Is nursing the path I've chosen, or did it choose me? Was I destined to be a caregiver? Was it merely child's play when I "fixed" my babydolls, or was I foreshadowing my future? Is this a career that I would do over again knowing everything I do now?
I think I always knew it would be an emotionally charged career, but, wow!, for this degree of pain, I was not prepared. The are the times I sneak into the bathroom to sob because I feel so overwhelmed, the mornings walking up to the hospital that I can't catch my breathe because I know today is the day we are discussing the test results with a family. I've made the chapel my first stop as I walk into our hospital. I ask God to bless my hands, my words, and to give me the strength to be everything everyone expects me to be.
I also did not realize the physical toll it would take on me. I have come home after 12 hour shifts with my feet swollen, throbbing, and exhausted to the point of feeling delirious. I have been to a masseuse, an acupuncturist, and my family doctor because of my aching back, sore muscles and headaches for the stress that I carry in my neck.
I have seen my hospital grow from a small community hospital to one that is world renowned. We challenge nurses with more and more difficult cases, and our expectations are for excellence.

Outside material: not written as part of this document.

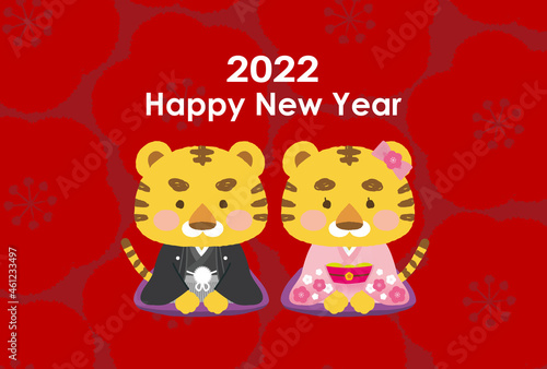 © kuroshimaharu, Fototapeta premium イラスト素材:年賀状2022テンプレート 寅の和装カップル 背景赤梅柄 happy new year

I am happy to be a part of a team that is excellent, and a hospital system that encourages nurses to grow professionally and holds bedside nurses in high regard. But this growth has not come with challenges. It can be exhausting.

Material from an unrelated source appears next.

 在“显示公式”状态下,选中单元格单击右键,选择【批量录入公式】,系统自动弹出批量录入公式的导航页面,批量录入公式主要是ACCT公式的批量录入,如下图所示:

I have been unable to find the appropriate words at times when others ask "how can you do that?" To be perfectly honest, sometimes I don't know how I do it. But, I do. I learned to find the joy in the littlest of things. An IV on stick on the first try, a happy doctor, a family bringing in fresh coffee, and to being able to sit down to have a proper lunch break. I've taken up yoga and meditation, and try to really enjoy my time off the clock. My family and friends all play a role in making me a more capable nurse. But to be perfectly honest, there are days I want to sit on my couch all day long in my pajamas, emotionally and physically drained!
It's because I know what lurks around the corner-that next admission, that next phone call; devastating news, another sick child, the patient down the hall with the family that has more questions than you have answers. And the never ending look of fear I see in parents eyes, the feeling that hope is lost, asking that question, "why God, why?"
And then there are those glorious days, where it seems like the stars are all aligned: no evidence of disease, a last chemo party, laughing because of something so silly, a former patient coming back to say hi & thank you, and yes, a proper lunch break.
So, if I must answer my own question, I would do it over again. Maybe I didn't have a choice, maybe the universe chose nursing for me. I don't know if it was the baby dolls or another lifetime, but it's in me. Nursing is a part of everything I do; the constant critical thinking, the concern, the ability to switch my emotions off, the praying for families. And I tell this to my daughter now when she calls; crying, frustrated and sad, after a difficult shift. I tell her she's going to see things that people shouldn't have to...not the blood and guts that most people think of, but raw emotions that come with nursing. It's a cruel cruel world, nursing is, but it is rewarding in ways most people will never begin to understand.